But to acheive that, we will need to perform the face detection/extraction in 2 passes.
OK, now preprocessing the frames to extract the face positions, and then using the interp1d function from scipy to perform the interpolation:
def process_frame(self, frame):
"""Function to process each frame of the video"""
if self.frame_index % self.face_window_len == 0:
logger.info("Processing frame %d", self.frame_index)
# Perform interpolation to get the face x/y position:
fcx = self.interp_fcx_func(self.frame_index)
fcy = self.interp_fcy_func(self.frame_index)
# Define the region of interest (ROI) around the detected face
hsize = (self.frame_size * 3) // 2
cx = min(max(fcx, hsize), frame.shape[1] - hsize)
cy = min(max(fcy, hsize), frame.shape[0] - hsize)
roi_start_x = int(cx - hsize)
roi_start_y = int(cy - hsize)
roi_end_x = int(cx + hsize)
roi_end_y = int(cy + hsize)
# Crop and resize the video around the detected face
cropped_frame = frame[roi_start_y:roi_end_y, roi_start_x:roi_end_x]
resized_frame = cv2.resize(cropped_frame, (self.frame_size, self.frame_size))
self.frame_index += 1
return resized_frame
def collect_face_position(self, frame, nframes):
"""Collect the face position for a given frame"""
if self.frame_index % self.face_window_len == 0:
logger.info("Collecting face at frame %d/%d", self.frame_index, nframes)
face_coordinates = self.detect_faces(frame)
if face_coordinates is not None:
# x, y, w, h = face_coordinates
left, top, right, bottom = face_coordinates
# center_x, center_y = x + w // 2, y + h // 2
center_x, center_y = (left + right) / 2.0, (top + bottom) / 2.0
self.frame_indices.append(self.frame_index)
self.face_pos_x.append(center_x)
self.face_pos_y.append(center_y)
self.frame_index += 1
return frame
⇒ ref: webcam_test2_centered_v4_180f.mp4 and webcam_test2_centered_v4_60f.mp4 and webcam_test2_centered_v4_60f_linear.mp4
Note: I tested both “cubic” and “linear” interpolations and the linear version seems a bit more appropriate to me 🤔.
Dynamic face scaling
Next point I would like to cover is on the face scale control: currently we use a fixed scale of for instance 3 time the destination clip size. But I think it could be interesting to use instead a dynamic scaling process based on the size of the face on the source image. And we could then dynamically change the size of the source area depending on the face size.
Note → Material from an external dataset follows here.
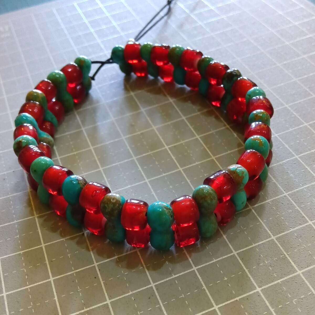 ターコイズ、ホワイトハーツビーズ、シルバー925ビーズを組み合わせた ブレスレットです
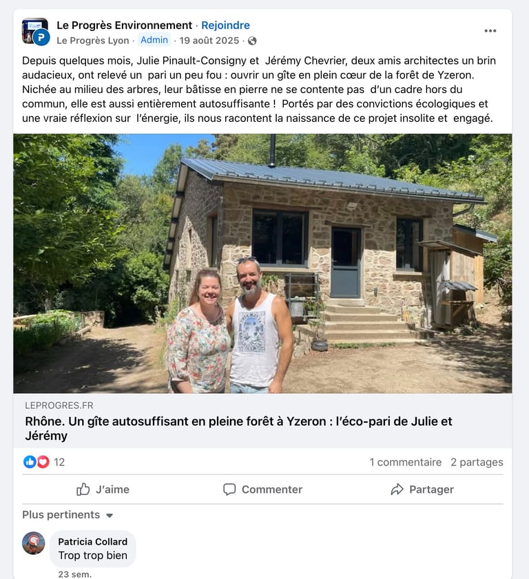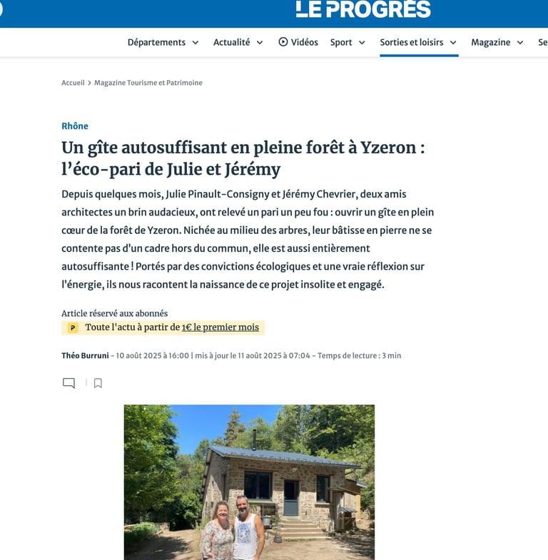 Merci à Théo Burruni, journaliste au journal, qui a pris le temps de venir nous questionner sur le projet du refuge d'Yzeron et de le mettre en avant sur le site du Progrès.

Added smooth interpolation for the frame source size:
# Perform interpolation to get the face x/y position:
cx = self.interp_fcx_func(self.frame_index)
cy = self.interp_fcy_func(self.frame_index)
fsize = self.interp_fsize_func(self.frame_index)
# logger.info("source frame size: %f", fsize)
# Define the region of interest (ROI) around the detected face
# hsize = (self.frame_size * 3) // 2
self.current_fsize += (fsize - self.current_fsize) * 0.003
hsize = self.current_fsize * 3.0 / 2.0
hsize = min(hsize, cx, cy, frame.shape[1] - cx, frame.shape[0] - cy)
# cx = min(max(fcx, hsize), frame.shape[1] - hsize)
# cy = min(max(fcy, hsize), frame.shape[0] - hsize)
Note: I also tweaked a lot the frame_window_size, scaling adaptation factor, and source frame size factor, etc. Now I seem to have some appropriate settings 
.
⇒ ref: webcam_test2_centered_v5.mp4
Writting to webm file with transparency ?
To write webm files we simply change the output file extension:
output_path = self.set_path_extension(input_file, "_centered.webm")
And we change the codec:
# Save the processed video
# vcodec="libvpx-vp9"
vcodec = "libvpx"
processed_clip.write_videofile(
output_path, audio=True, codec=vcodec, audio_codec="libvorbis", bitrate="700k", threads=4
)
Note: libvpx-vp9 seems significantly slower than libvpx, so we stick to the later for now.
Arrgghh… to support transparency, we need to specify the pixel format for ffmpeg:
processed_clip.write_videofile(
output_path,
audio=True,
codec=vcodec,
audio_codec="libvorbis",
bitrate="700k",
threads=4,
ffmpeg_params=["-pix_fmt", "yuva420p"],
)
But, unfortunately, this will then generate an error while writing the output with the libvpx codec:
MoviePy error: FFMPEG encountered the following error while writing file webcam_test2_centered.webm: b'[libvpx @ 000001e590991c00] Transparency encoding with auto_alt_ref does not work\r\nError initializing output stream 0:0 -- Error while opening encoder for output stream #0:0 - maybe incorrect parameters such as bit_rate, rate, width or height\r\n'
⇒ To fix this issue it seems we really need to use the libvpx-vp9 codec.
OK, this doesn't work so well at playback unfortunately. So trying another codec (cf. https://stackoverflow.com/questions/75455066/convert-transparent-pngs-to-a-transparent-video)
Note: I was generating a circular mask as follow:
# Function to create a circular mask
def make_circular_mask(self, size, center, radius):
"""Method to generate a circular mask"""
mask = Image.new("L", size, 0)
draw = ImageDraw.Draw(mask)
draw.ellipse((center[0] - radius, center[1] - radius, center[0] + radius, center[1] + radius), fill=1)
return np.array(mask).astype(np.uint8)
Tested the prores / prores_ks codecs, with the “yuva444p10le” pixel format: not working at playback
Also checked that page: https://curiosalon.github.io/blog/ffmpeg-alpha-masking/
⇒ In the end, nothing seems to work as expected here and I cannot generate a video with with transparency at playback 🤕.